*How to complete this task*.
Copy exactly the lines of the material below that run from the one containing "8x10 Olive, Blue" through the one containing "Handmade Black Leather". Copy no other lines.

*Records for the exercise*.
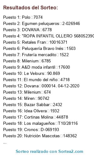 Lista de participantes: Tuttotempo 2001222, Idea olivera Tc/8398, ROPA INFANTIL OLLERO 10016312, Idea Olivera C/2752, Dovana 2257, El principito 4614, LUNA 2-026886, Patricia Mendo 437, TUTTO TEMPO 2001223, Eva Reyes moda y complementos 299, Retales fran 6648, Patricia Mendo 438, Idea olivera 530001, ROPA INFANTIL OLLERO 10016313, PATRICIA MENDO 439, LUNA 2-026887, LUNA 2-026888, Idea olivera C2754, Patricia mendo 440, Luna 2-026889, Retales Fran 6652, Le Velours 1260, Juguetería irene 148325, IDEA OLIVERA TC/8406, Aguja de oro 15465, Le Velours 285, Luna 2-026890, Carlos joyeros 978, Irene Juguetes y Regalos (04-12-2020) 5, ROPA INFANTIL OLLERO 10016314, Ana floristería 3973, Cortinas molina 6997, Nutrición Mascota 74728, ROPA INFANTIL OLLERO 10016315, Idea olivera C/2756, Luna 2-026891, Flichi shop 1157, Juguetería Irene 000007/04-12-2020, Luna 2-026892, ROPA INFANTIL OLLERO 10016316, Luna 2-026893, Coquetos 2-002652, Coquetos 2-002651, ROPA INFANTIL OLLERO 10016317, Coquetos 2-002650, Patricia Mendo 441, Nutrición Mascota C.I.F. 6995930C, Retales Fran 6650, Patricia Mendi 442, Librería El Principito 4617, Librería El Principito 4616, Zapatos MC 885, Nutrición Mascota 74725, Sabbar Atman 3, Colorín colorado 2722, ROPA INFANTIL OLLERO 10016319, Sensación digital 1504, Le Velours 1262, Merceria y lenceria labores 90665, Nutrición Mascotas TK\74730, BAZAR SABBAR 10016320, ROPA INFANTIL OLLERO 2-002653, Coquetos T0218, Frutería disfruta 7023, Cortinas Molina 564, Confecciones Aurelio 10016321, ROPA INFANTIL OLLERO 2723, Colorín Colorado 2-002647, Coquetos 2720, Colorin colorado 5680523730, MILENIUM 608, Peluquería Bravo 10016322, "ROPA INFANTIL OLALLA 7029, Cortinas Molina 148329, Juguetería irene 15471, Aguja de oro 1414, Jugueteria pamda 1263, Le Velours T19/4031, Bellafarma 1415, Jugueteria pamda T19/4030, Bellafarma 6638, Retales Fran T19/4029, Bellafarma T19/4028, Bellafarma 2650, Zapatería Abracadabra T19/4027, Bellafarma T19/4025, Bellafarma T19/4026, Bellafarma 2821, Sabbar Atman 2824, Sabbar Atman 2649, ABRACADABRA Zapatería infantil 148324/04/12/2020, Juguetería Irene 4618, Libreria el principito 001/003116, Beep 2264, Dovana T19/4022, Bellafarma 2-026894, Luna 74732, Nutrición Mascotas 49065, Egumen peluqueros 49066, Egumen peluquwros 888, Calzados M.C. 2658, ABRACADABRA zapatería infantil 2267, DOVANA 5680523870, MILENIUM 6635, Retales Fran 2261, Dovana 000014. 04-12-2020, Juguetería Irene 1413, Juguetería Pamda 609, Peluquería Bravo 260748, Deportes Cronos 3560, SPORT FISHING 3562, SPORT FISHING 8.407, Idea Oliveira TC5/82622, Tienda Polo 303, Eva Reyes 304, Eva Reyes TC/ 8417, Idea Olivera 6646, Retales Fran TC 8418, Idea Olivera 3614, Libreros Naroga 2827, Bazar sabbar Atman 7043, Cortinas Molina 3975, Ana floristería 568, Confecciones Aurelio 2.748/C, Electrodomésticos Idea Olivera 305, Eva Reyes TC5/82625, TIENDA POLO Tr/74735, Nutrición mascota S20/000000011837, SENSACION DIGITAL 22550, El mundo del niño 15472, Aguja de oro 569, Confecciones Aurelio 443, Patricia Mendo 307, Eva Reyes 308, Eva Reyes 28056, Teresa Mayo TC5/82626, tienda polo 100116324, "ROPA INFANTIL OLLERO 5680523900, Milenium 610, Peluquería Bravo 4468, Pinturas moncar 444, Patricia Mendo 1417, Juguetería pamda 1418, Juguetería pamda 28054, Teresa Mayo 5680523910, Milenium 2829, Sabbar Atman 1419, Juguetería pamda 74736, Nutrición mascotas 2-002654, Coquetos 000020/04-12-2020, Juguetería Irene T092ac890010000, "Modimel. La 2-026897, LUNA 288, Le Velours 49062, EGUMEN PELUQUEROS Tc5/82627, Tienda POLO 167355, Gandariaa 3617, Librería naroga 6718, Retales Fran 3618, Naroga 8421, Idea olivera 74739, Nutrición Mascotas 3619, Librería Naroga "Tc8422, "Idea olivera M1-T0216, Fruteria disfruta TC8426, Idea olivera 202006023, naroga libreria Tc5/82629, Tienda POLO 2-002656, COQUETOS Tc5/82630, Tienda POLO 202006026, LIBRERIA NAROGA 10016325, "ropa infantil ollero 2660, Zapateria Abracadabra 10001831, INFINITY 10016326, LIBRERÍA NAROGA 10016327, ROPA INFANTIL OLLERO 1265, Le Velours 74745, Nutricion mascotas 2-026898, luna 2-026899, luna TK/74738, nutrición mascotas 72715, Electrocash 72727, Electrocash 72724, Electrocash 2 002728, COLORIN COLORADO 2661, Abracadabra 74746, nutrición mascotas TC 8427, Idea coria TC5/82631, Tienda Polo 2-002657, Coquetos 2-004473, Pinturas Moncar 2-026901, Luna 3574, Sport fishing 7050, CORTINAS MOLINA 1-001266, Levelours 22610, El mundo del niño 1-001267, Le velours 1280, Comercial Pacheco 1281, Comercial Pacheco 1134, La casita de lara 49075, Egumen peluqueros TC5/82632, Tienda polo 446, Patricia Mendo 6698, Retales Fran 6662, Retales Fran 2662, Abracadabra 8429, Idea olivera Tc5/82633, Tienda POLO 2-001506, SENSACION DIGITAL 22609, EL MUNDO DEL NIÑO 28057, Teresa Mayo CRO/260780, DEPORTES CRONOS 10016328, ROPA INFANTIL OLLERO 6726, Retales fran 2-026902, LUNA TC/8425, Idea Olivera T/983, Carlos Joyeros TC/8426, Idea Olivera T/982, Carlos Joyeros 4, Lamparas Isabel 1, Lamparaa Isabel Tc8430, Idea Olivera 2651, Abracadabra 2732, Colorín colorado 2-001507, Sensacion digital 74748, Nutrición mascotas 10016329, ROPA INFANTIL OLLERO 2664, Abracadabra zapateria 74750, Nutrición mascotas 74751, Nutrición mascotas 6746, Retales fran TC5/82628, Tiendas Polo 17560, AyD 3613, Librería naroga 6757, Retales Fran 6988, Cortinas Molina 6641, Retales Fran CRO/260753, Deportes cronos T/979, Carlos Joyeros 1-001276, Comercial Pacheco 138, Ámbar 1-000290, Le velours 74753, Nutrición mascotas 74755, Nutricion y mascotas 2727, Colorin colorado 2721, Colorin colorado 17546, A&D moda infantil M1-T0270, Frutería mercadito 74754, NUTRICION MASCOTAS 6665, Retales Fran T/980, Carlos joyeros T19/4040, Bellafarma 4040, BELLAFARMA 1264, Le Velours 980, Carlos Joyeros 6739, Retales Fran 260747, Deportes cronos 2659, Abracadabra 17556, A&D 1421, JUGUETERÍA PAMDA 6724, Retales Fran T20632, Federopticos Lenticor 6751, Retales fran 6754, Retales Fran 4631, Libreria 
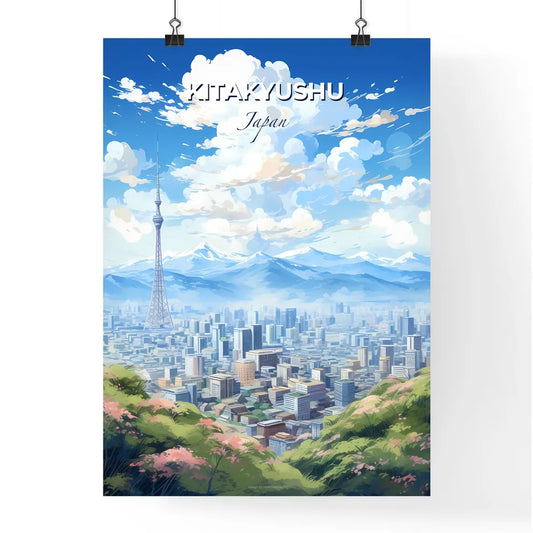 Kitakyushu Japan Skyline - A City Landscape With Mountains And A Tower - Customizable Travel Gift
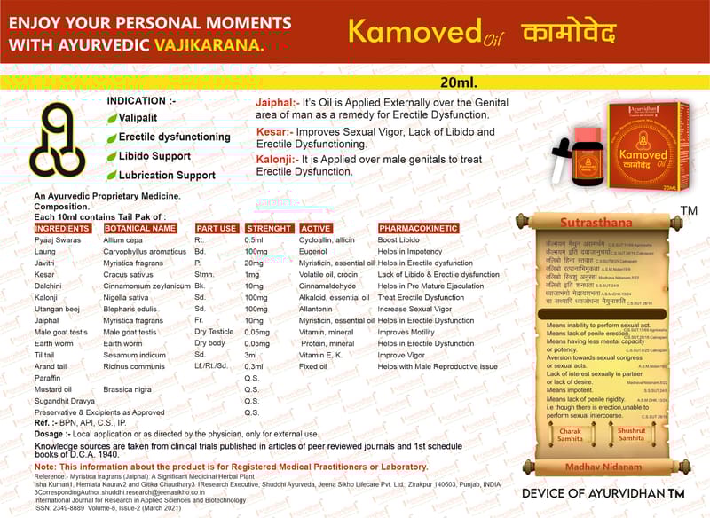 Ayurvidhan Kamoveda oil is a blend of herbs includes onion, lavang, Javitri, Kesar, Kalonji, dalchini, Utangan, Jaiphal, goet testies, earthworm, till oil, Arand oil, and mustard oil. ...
...
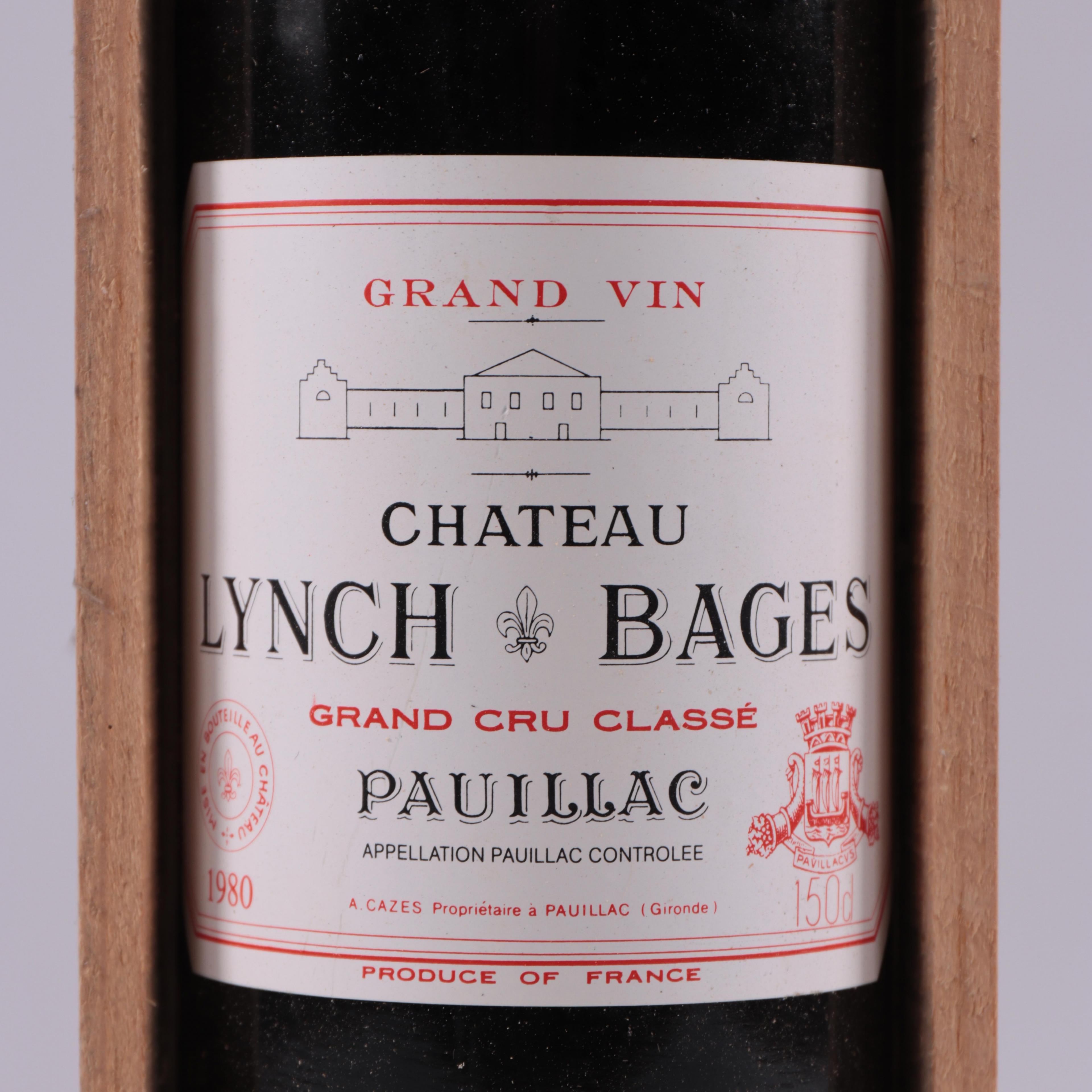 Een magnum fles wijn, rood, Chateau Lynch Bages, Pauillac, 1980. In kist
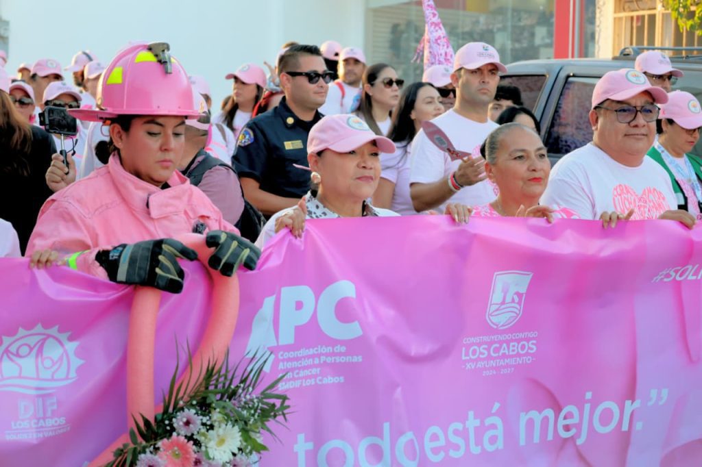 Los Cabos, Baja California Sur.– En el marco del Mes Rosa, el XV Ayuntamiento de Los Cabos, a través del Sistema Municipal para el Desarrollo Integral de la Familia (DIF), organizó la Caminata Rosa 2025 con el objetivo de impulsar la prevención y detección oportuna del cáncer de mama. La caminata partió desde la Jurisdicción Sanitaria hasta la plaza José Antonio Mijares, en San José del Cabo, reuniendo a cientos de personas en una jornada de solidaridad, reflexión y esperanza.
* * *
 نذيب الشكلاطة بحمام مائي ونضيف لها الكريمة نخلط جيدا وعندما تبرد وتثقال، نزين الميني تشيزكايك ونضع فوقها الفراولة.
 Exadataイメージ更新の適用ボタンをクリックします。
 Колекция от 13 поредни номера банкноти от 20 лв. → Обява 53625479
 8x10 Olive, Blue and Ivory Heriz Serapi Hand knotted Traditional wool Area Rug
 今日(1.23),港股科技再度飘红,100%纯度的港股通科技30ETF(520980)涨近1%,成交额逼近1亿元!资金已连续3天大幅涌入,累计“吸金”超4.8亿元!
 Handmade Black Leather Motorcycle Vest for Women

*Solution*.
 8x10 Olive, Blue and Ivory Heriz Serapi Hand knotted Traditional wool Area Rug
 今日(1.23),港股科技再度飘红,100%纯度的港股通科技30ETF(520980)涨近1%,成交额逼近1亿元!资金已连续3天大幅涌入,累计“吸金”超4.8亿元!
 Handmade Black Leather Motorcycle Vest for Women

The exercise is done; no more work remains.